Confusion in Housing Court as landlord attorneys come under attack from protesters
This past Wednesday, the Housing Court was expected to resume eviction proceedings against people with open warrants that were issued prior to the pandemic. However, Gov. Andrew Cuomo extended the eviction ban just a few hours before it was set to expire.
The result of that last-second announcement has only led to confusion as attorneys who practice in the Housing Court have complained that they aren’t getting clear instructions on the future of the court.

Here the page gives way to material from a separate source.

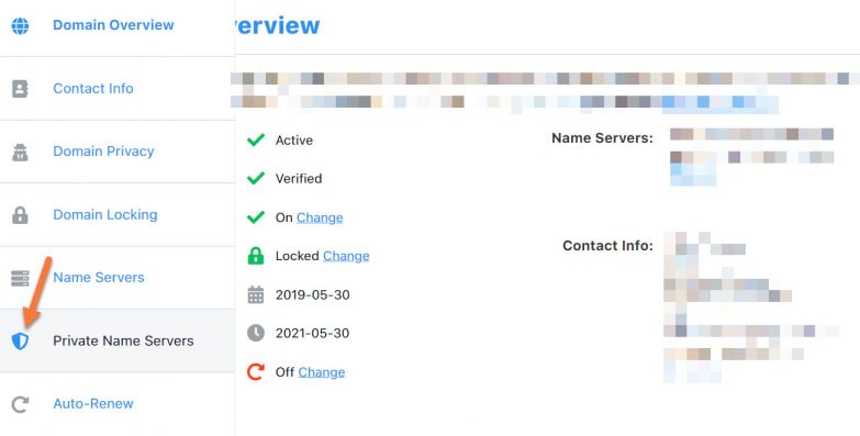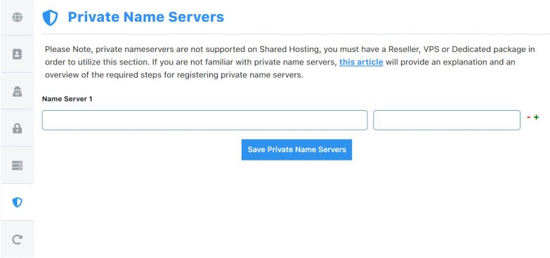 When the domain tools open, click the shield icon on the left to open the Private Nameserver editor.

“Cuomo gives an executive order, as is his right, but then the Legislature drafts separate laws, such as Safe Harbor Act, then Chief Administrative Judge Lawrence Marks will issue directions, then the NYC Civil Court Administrative Judge Anthony Cannataro will issue orders,” said attorney Jeffrey Saltiel. “Everyone is talking about what’s allowed to go on and the answer is that nobody knows.”
While evictions have been stayed by Gov. Cuomo, in-person appearances have resumed at the Brooklyn Housing Court, which has moved its physical location from 141 Livingston St. to 320 Jay St. to help social distancing within the courthouse.

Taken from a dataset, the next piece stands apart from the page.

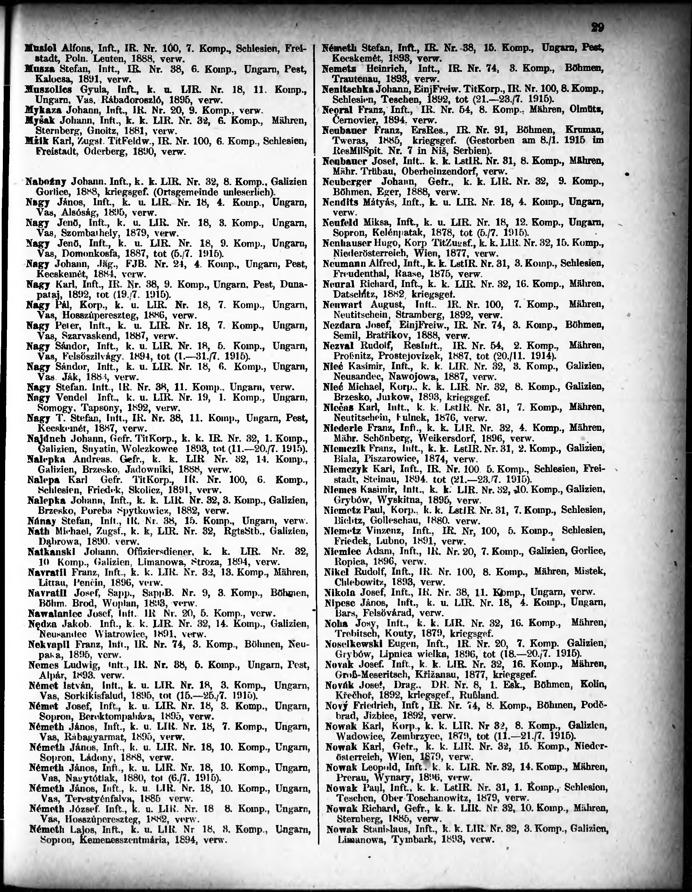 Verlustliste ausgegeben am

To help practitioners answer questions about the types of cases they can bring forward, the Kings County Housing Court Bar Association hosted a Zoom meeting. Instead, there were more questions than answers.

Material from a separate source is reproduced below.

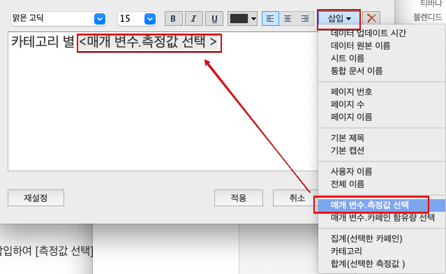 매개변수를 표시 후, 카테고리별(열) 선택한 측정값(행) 배치

“The idea is that we can file, maybe it will get submitted until they make another stay,” said attorney Matthew Ross. “We can’t evict, though, or do anything other than sit on our hind legs, basically, waiting for (court administrators) to do anything.”
Part of the problem stems from a lawsuit against the Office of Court Administration by legal service providers about reopening the Criminal Court for in-person appearances. This has made administrators hesitant to speak candidly.
While this confusion continues, tenants advocates, including the Crown Heights Tenant Union, have begun protesting at courthouses and targeting the offices of private attorneys who represent landlords.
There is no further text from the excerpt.